Paularo: la sala Pineta, quel dancing degli anni belli

di Dino Menean

Il dancing Pineta è una sala da ballo ormai desueta a Saletti di Paularo. E come tutte le cose desuete ha in sé oltre al normale logorio causato dal tempo, un’aura di nostalgica malinconia. Non era cosí ai tempi del suo splendore. Allora si riempiva all’inverosimile nelle feste di Natale, Capodanno, Ferragosto. Si era cosí in tanti stretti e pigiati, che davvero per i ballerini risultava un impresa ardua muoversi e danzare. Quante coppie si sono avvicendate, perdute, ritrovate. Quanti amori sbocciati, vissuti e poi… finiti. Nell’arco della sua lunga attività si sono esibiti nella sua sala diversi gruppi e orchestrine.
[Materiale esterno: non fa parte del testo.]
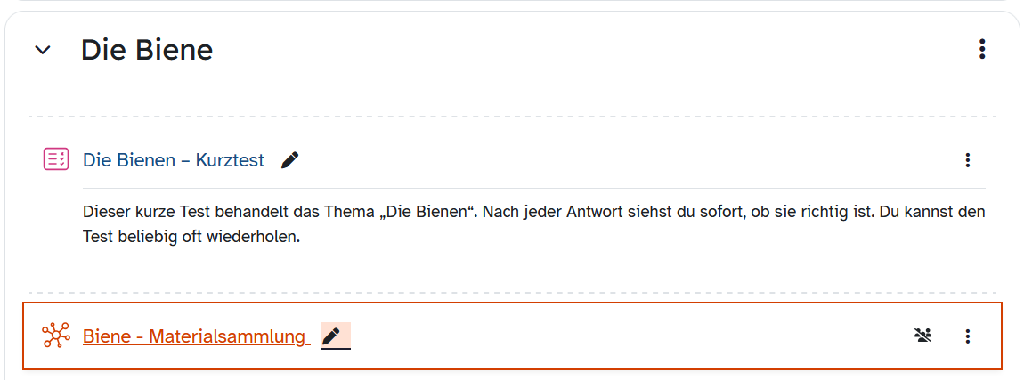 Öffne im Kursraum die Aktivität, die du gestalten möchtest, und gehe zu einer Stelle, an der du Formularfelder ausfüllen musst und dabei Unterstützung brauchst – zum Beispiel in den Einstellungen der Aktivität.
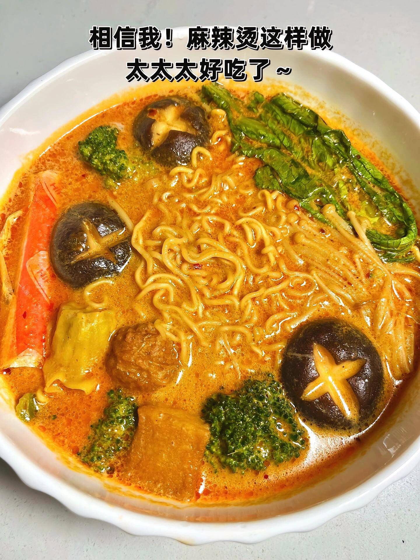 刚好冰箱里囤了一堆丸子和蔬菜,我一拍大腿:“自己做!” 结果第一次就成功了——奶白的汤底飘着红油,蔬菜翠绿,丸子Q弹,面条吸饱了汤汁,香到连我家猫都扒着碗边叫。最绝的是,汤底用牛奶和火锅底料熬的,健康无添加,喝完胃里暖暖的。
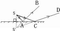 点光源S发出的光线经平面镜反射后.有两条光线经过AB和CD.如图.在图中作出点光源S.
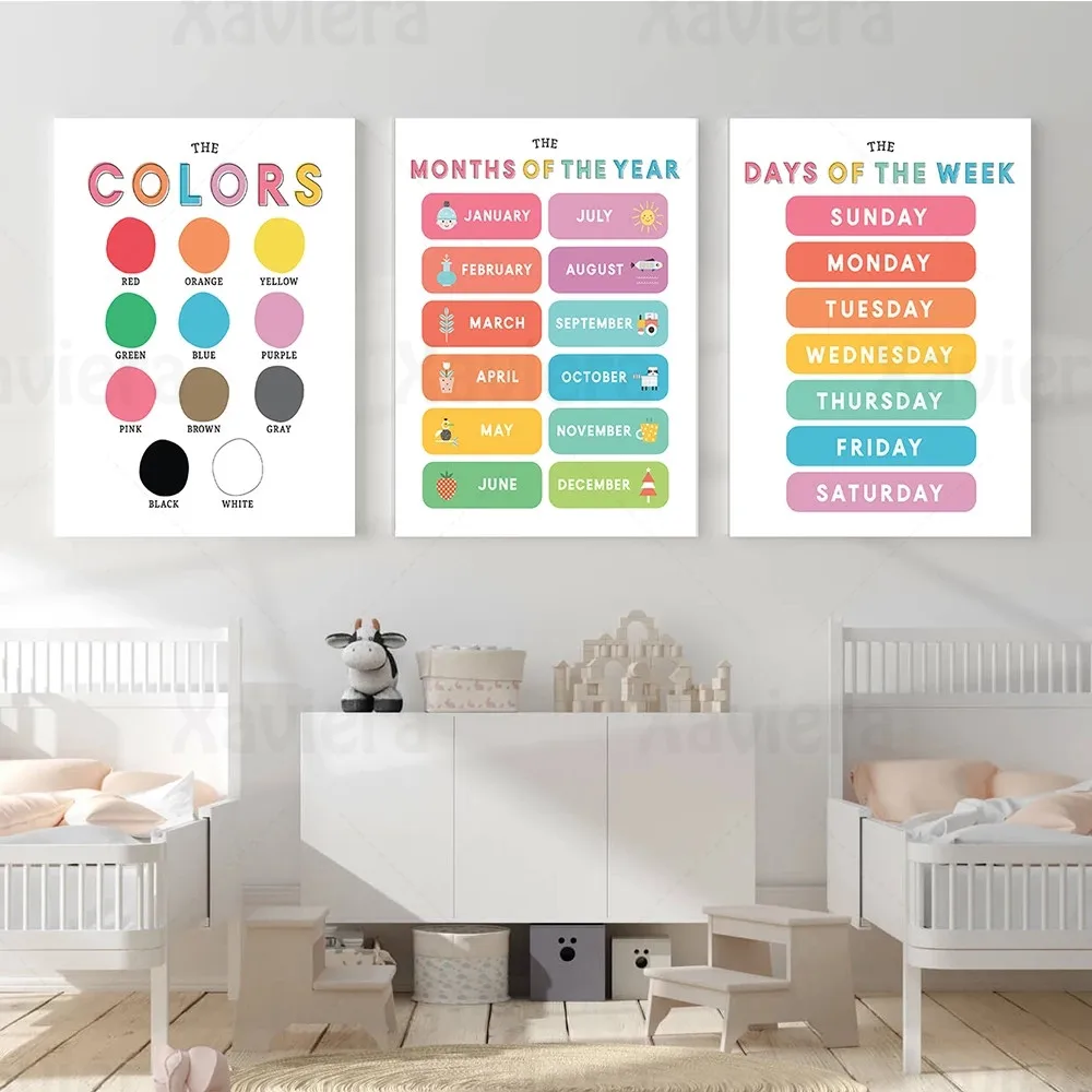 Обучающие Детские постеры для обучения цветовым моделям, фотография знаний о Днях недели и месяце, декор детской комнаты
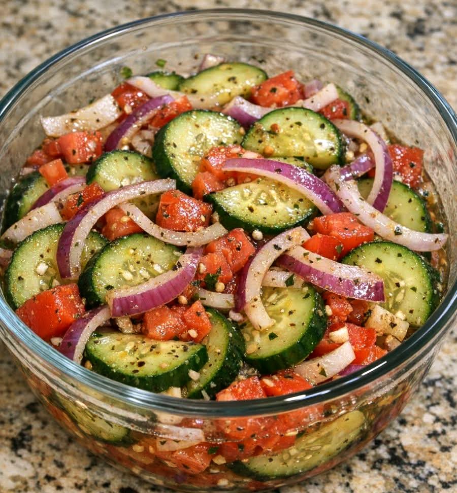 If you’re looking for a fresh, healthy cucumber tomato onion salad, this classic marinated version is a must-try! Crisp cucumbers, juicy tomatoes, and sweet onions soak in a perfectly balanced tangy-sweet vinaigrette, creating a refreshing side dish that even salad skeptics love.
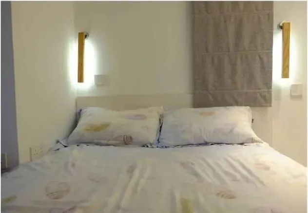 卧室里床头背景墙上两盏简约的壁灯照明,壁灯是可以调色温的,可明亮可温暖。床是定制的,床下都是收纳空间,没有大衣柜也收纳空间充足。
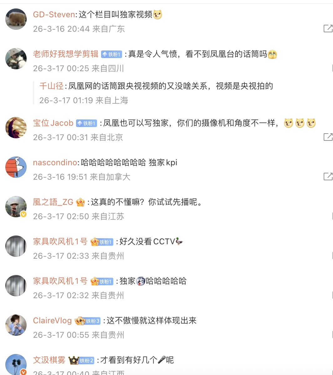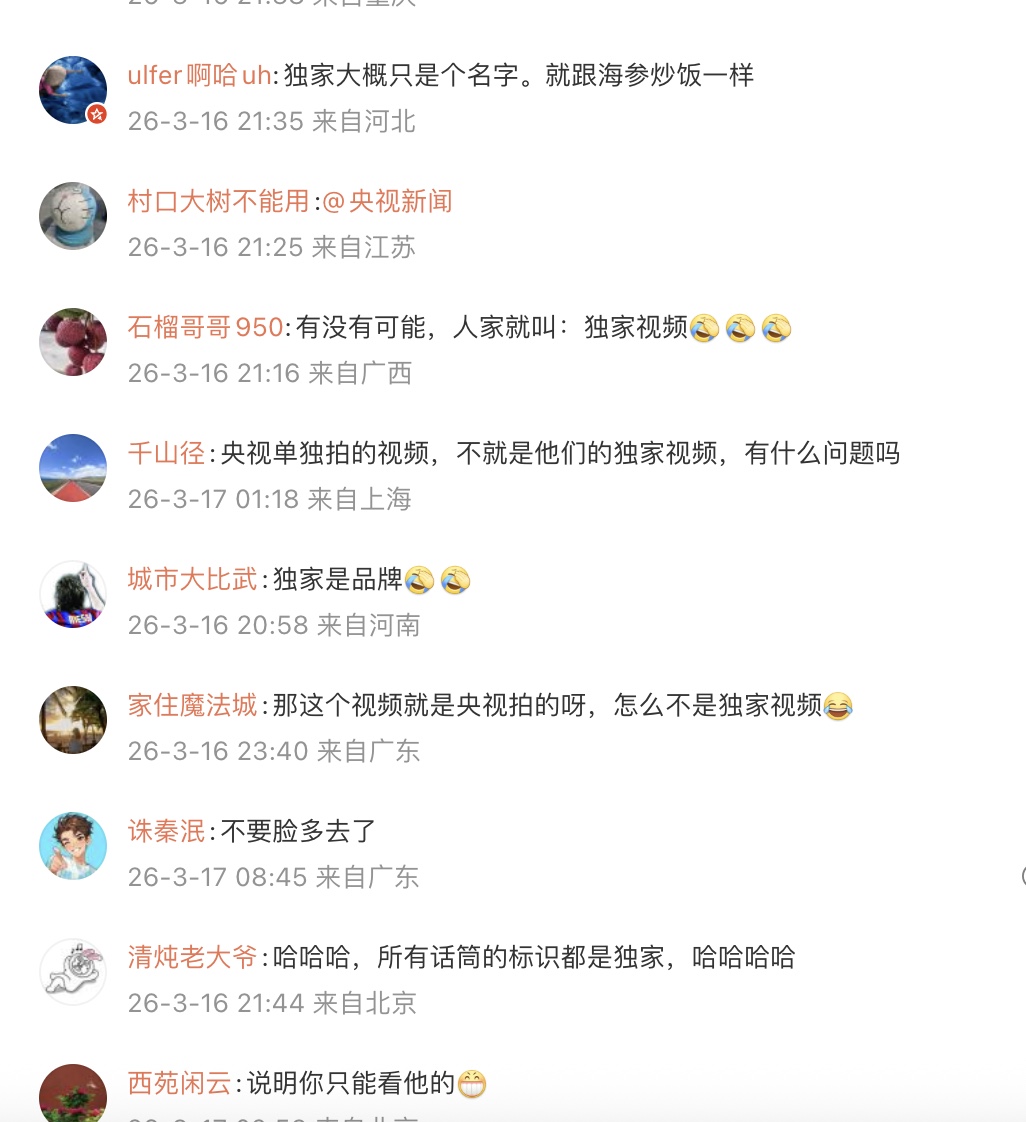 還有網友嘲諷:「這個欄目叫獨家視頻」「人家名字叫『獨家視頻』,跟那個『千禾O』添加醬油一樣,望周知」「獨家大概只是個名字。就跟海參炒飯一樣」。
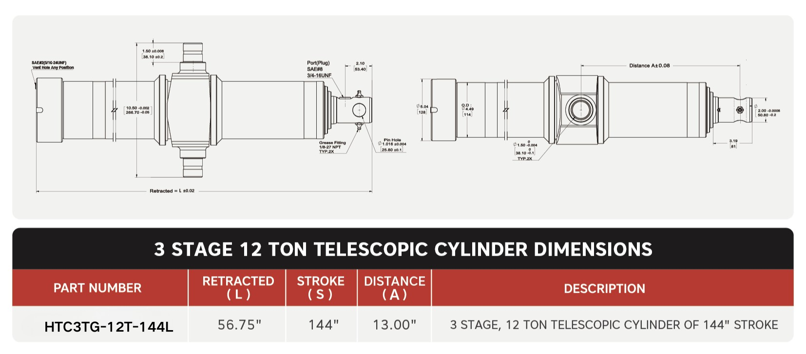 "HTC3TG-12T-144L", 3 స్టేజ్, 12 టన్ను 144" స్ట్రోక్ 13"ట్రూనియన్ డిస్టెన్స్ టెలిస్కోపిక్ సిలిండర్లు
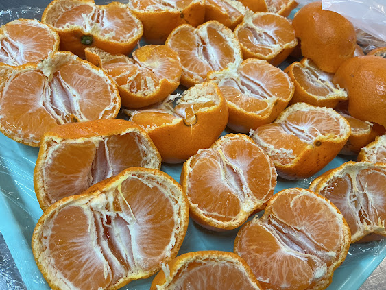 ※米を仕入れている椎木ライスセンターからみかんを頂戴したため、15時のおやつを無添加おかしから、みかんに変更しました。
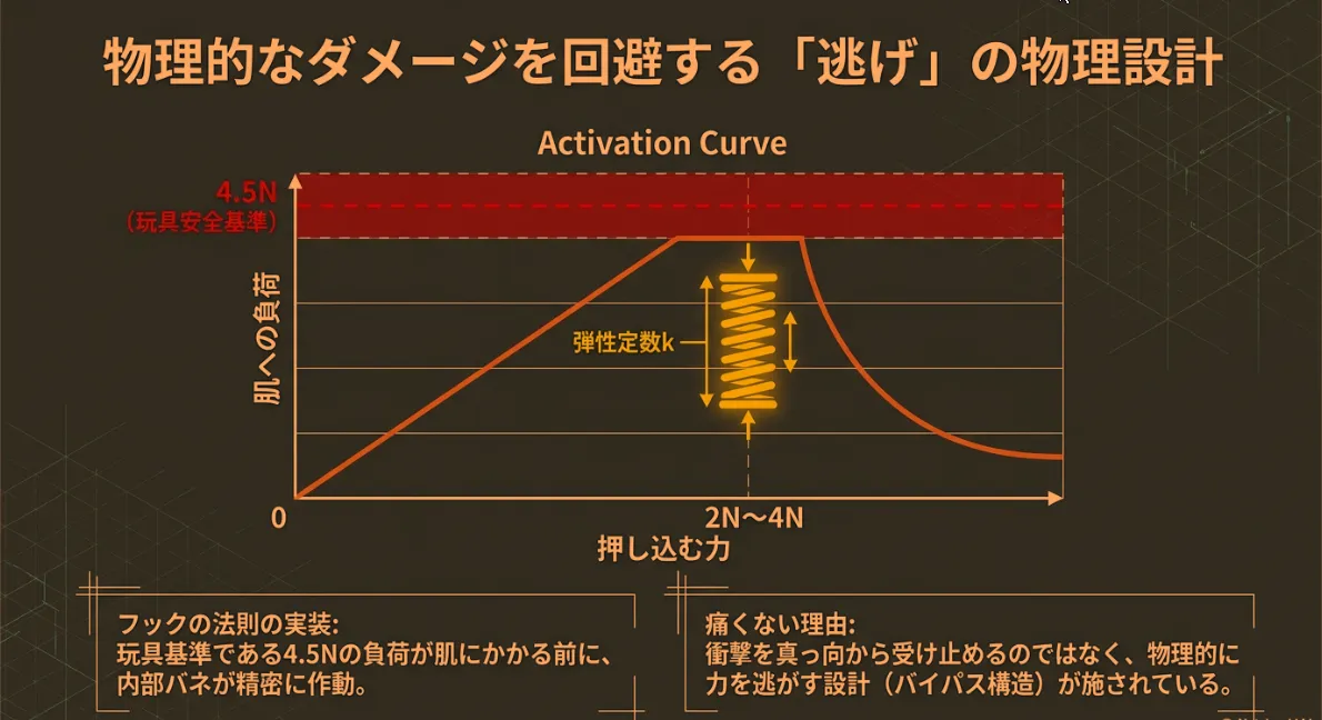 玩具の安全基準には、鋭利な先端が人体に食い込むのを防ぐための「4.5N(ニュートン)」という一つの基準値があります。100均のマジックナイフは、内部バネの「弾性定数(バネの硬さ)」を計算し、あえて2Nから4N(約200g〜400g重)という非常に弱い力で刃が引っ込むように設計されています。

Ci hanno suonato i magnifici “Lunatici” e gli ancor piú magnifici “Alpen-Echo”. Ma io e i miei amici la preferivamo quelle domeniche estive prima e dopo le partite di calcio. La grande sala era semivuota il juke-box troneggiava nel centro. La musica si spandeva, si riversava nell’aria, giungeva fin su al paese. I piú audaci di noi si lanciavano in sfrenati “shake”. I fortunati si perdevano fluttando nel dolce ballo del mattone. Il dancing Pineta era se non il centro e il motore, sicuramente parte integrante della vita ludica di Paularo: “Ci vediamo in Pineta”. “Facciamo quattro salti in Pineta”. Ci sono passato alcuni giorni fa e un botto al cuore mi ha trattenuto. Bloccato. Vedendo il locale grigio e deserto. L’area del parcheggio invasa da erbe e cardi. E mentre me ne stavo cosí deluso e amareggiato, combattuto tra la rabbia e la tristezza mi sono visto come d’incanto giungere con il mio “600” parcheggiare, scendere con gli amici, entrare alla spicciolata. La grande sala rumoreggiava, le luci soffuse, la musica echeggiava. E lassú in un angolo confusa quella ragazzina (chissà dove sarà?) che mi aveva rubato il cuore. Quanto sono rimasto cosí in silenzio, sospeso tra sogno e realtà. Un attimo, un’eternità. Non so. Andando, perché bisogna sempre e comunque andare, ho abbracciato ancora una volta con lo sguardo il dancing Pineta. Quel che ne rimane. Un magnifico ricordo che mi piace condividere con Attilio, batterista dei “Lunatici”.